For over a year now, dedicated Pokémon Go players have been asking for the ability to use their collected monsters more like they do in traditional Pokemon games, by trading and battling with other players directly. Pokemon Company President Tsunekazu Ishihara confirmed to Bloomberg this week that those features were still being planned for the game.
“We’ve only accomplished 10 percent of what Pokémon and Niantic are trying to do, so going forward we will have to include fundamental Pokémon experiences such as Pokémon trading and peer-to-peer battles, and other possibilities,” the executive said.
This isn’t the first time monster trading has been promised for the hit mobile game, which still had five million daily users as of its first anniversary in July.
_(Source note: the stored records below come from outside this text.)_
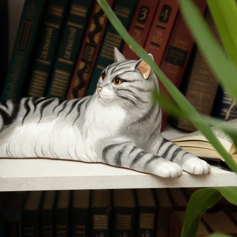 Это изделие ручной работы представляет собой вальяжно расположившуюся грациозную пишистую королеву – Её величество Кошку. Художник воспользовался всей роскошной палитрой современных керамических глазурей, чтобы передать всё обаяние и тайну, которыми обладают эти изящные, ускользающие и вновь являющиеся как ни в чём ни бывало прелестные животные. В пристальном завораживающем кошачьем взгляде чувствуется загадка, волшебство, магия. Вообще, Кошка – удивительное животное, которое живёт рядом с человеком более пяти тысяч лет. У людей и кошек сложились особые отношения – простые, честные, лишённые притворства, без сложностей и противоречий. А для некоторых, особо одиноких людей, кошка является единственным существом, которому можно излить душу, и которое в нашем веке вечной гонки и стресса успокаивает человека так, как это не сделает никакой психоаналитик. Керамическая фигурка кошки оригинально украсить интерьер, будет великолепным подарком любителям кошек, и не только им, займет достойное место в собрании коллекционеров. Возможна роспись по индивидуальному заказу.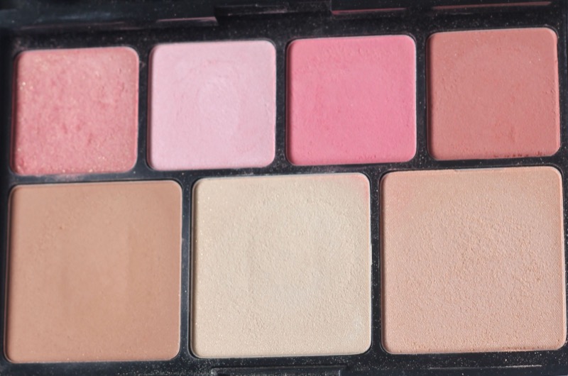 Sopra, i quattro blush, sotto il bronzer e i due illuminanti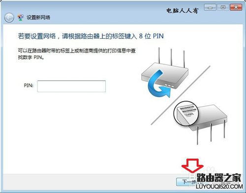 此时会弹出填写路由器PIN的设置框,将路由器反过来就有8位数的PIN数字。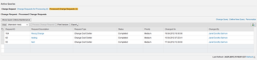 However, note that the worklist includes two views: one for requests requiring processing and another for completed change requests. These views ensure that you can satisfy compliance requirements for proper change management around cost center changes. Figure 24 shows the list of all completed change requests. Clicking the request takes you into the form with details of why the change was necessary.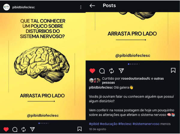 18/08/2025: (Padre Vicente) – Postagem do Instagram sobre Distúrbios do Sistema Nervoso com o objetivo de informar e trazer alguns exemplos de patologias que podem afetar o sistema nervoso além de trazer algumas dicas de hábitos preventivos.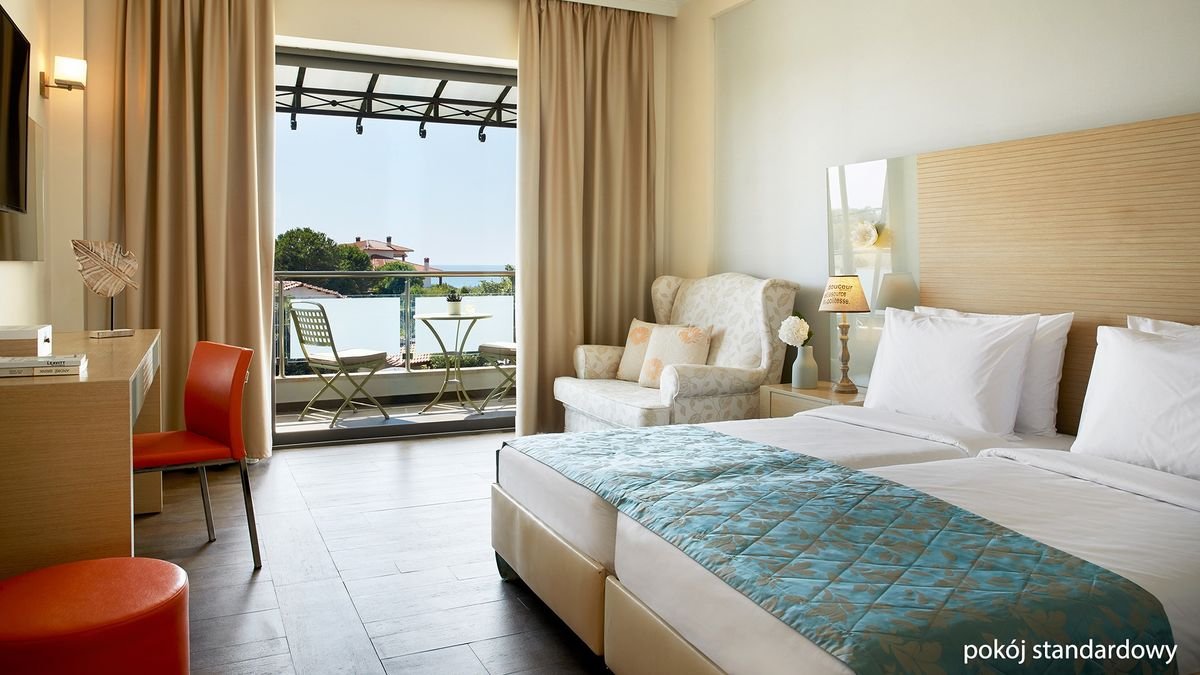 Położony w pięknej zatoce Nea Potidea, jest idealnym miejscem na luksusowe, greckie wakacje. Zjawiskowo położony przy pięknej plaży z widokiem na mityczną górę Olimp, zapewnia doskonałe warunki do relaksu i lenistwa na leżaku. Na miejscu rewelacyjne centrum spa z bogatą ofertą zabiegów pielęgnacyjnych oraz szeroka gama udogodnień sportowo-rekreacyjnych. Piękny wystrój wnętrz, znakomita kuchnia i profesjonalna obsługa zadowolą najbardziej wymagających Gości.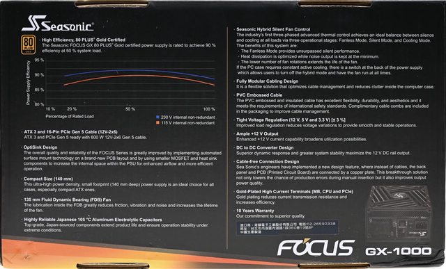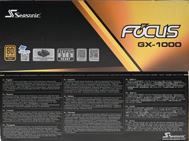 ▼外盒上側面有Seasonic商標、FOCUS標誌、GX-1000名稱、80PLUS金牌認證、Cybenetics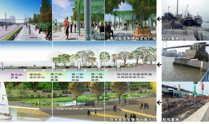 From the trend of "fear of water" in the industrial era of to the trend of "close to water" in post-industrial era, from docks and terminals in the past to the dynamic waterfront public space nowadays, all of which have shown the relationship between human and nature is harmonious and unified, rather than confrontation and conflicts. On the basis of rising the landscape concern of post-industrial era on ecological environment, the re-utilization of industrial wastes and diversification of leisure patterns[2], the planning of BJRD should focus on solving several major site problems and achieving the transformation of several concepts, namely, the relationship between flood control and water-enjoyable recreation, historical context extension, heatstroke- prevention and temperature-cooling in summer, high-density visiting flows of evacuation and assembling ,the usage problems between during and after Expo, the coordination between pump, water-gate ,bridge and environment and so on.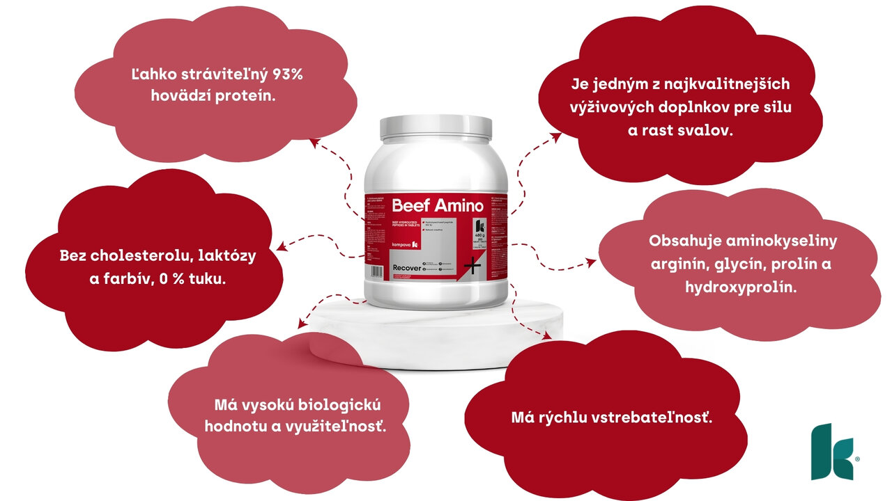Hovädzie peptidy sú skvelým zdrojom esenciálnych a neesenciálnych aminokyselín. Beef Amino obsahuje v optimálnom pomere aminokyseliny arginín, glycín, prolín a hydroxyprolín. Tieto aminokyseliny zabezpečujú tvorbu kolagénu nevyhnutného pre zdravie šliach, väzív, spojivových tkanív, srdcového svalu a všetkých vnútorných orgánov. Zároveň obsahujú prírodný kreatín, železo, zinok, fosfor, vitamíny skupiny B a vitamíny E a A.

Those features were shown off in the game’s very first trailers and mentioned in interviews around the game’s launch last year. But developer Niantic has been mum on the issue in recent months, focusing instead on updates like Raid Battles and changes to gym functionality.
In a Polygon interview from March, Pokémon Go Product Manager Tatsuo Nomura said that any eventual monster trading in Pokémon Go would have to take place in person with nearby players, not across long distances. Still, Nomura said he saw trading as a way to solve the “local spawn issue,” which limits many monsters to certain thematically appropriate regions in the real world. When trading was initially planned for the game, the hope was that for “some Pokémon, you have to know someone or find someone who lives in certain regions and meet and exchange,” Nomura said.